May 16 Wednesday – Sam was en route on the S.S. New York for Southampton, London and Paris. He wrote to Livy.
Livy darling, I shall reach London this evening, no doubt; & then I shall seem very close to you & those others. It makes me joyful; & pretty impatient, too. The voyage makes a long, long interval, & conspicuously blank one, on account of the absence of letters from you. …
Phillip Bright is on board, sunburnt & skinned, from a voyage around the world. He sits by me at table, & is ever so nice. Willie Winter sits at my other side. I have known him a quarter of a century. He is 57, & knew Kate Field when she was 16 & he 18. [Note: William Winter, dramatic critic of the N.Y. Tribune; Philip Bright has not been further identified]
Sam also related that H.H. Rogers called him back into his office the last time he saw him and said privately, “If you get short, draw on me.” Sam noted Rogers made no limit and also relayed a message that Mrs. Annie Rogers gave him, that H.H. would be “very lonely” once Sam left. He added that he was “writing a review of Fenimore Cooper’s Deerslayer — the most idiotic book I ever saw.” He was eager to get back to see her and the family [MTP].
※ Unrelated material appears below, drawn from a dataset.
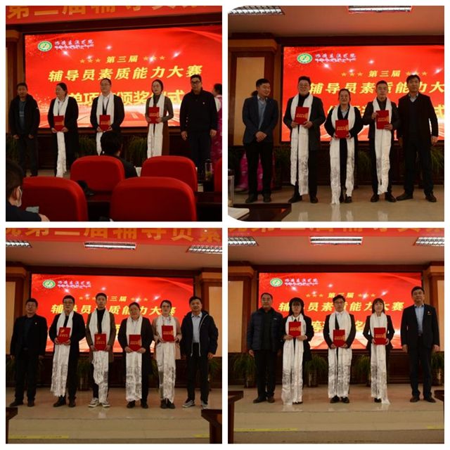 随着各位辅导员谈话结束,西藏农牧学院第三届辅导员素质能力大赛也逐渐落下帷幕。经过激烈的角逐,来自动物科学学院的王倩倩、电气工程学院的陈相宇及水利土木工程学院的孙凤荣分别获得初赛、复赛及决赛的单项奖;植物科学学院秦丽、动物科学学院王浩然、水利土木工程学院续辉获得优秀奖;植物科学学院王兵、水利土木工程学院孙凤荣、动物科学学院殷巧、食品科学学院马少飞获得三等奖;动物科学学院梁金辉、动物科学学院姚梦捷、植物科学学院央拉获得二等奖;动物科学学院王倩倩、电气工程学院陈相宇获得一等奖。

Sam also wrote to Henry H. Rogers, thanking him for offering a draw on him if he ran short of funds. Sam observed that Rogers was “just about arriving home,” from his ten-day trip to W. Virginia with John Dustin Archbold, who Sam playfully called the coffee-cooler’s bottle-holder (a reference to the Negro boxer Frank Craig prize-fight they’d attended together — see Dec. 30, 1893). Sam complained of lumbago. He also relayed that he’d told Frank Bliss to stay in touch with William Evarts Benjamin on the Uniform Edition of his works; and that Livy would be agreeable to Bliss publishing PW by subscription on the basis of “half of the profits above cost of manufacture,” the same sort of deal he’d made with Frank’s father, Elisha Bliss, on TA. Sam told of his writing work done on the voyage:
I have been at work on a magazine article all through this trip, but I didn’t get it finished. That is because it will make three articles. The first is nearly done & the notes are made for the other two & the articles themselves blocked out in my head [MTHHR 53-4]. Note: Sam conceived “Fenimore Cooper’s Literary Offenses” as the beginning of a series to be called “Studies in Literary Criticism.”
The S.S. New York reached Southampton in the evening and Sam traveled to London. On July 4, he mentioned in a letter to Chatto & Windus that he left a letter on this date for Cara Rogers Duff at Brown’s Hotel on Dover Street in London.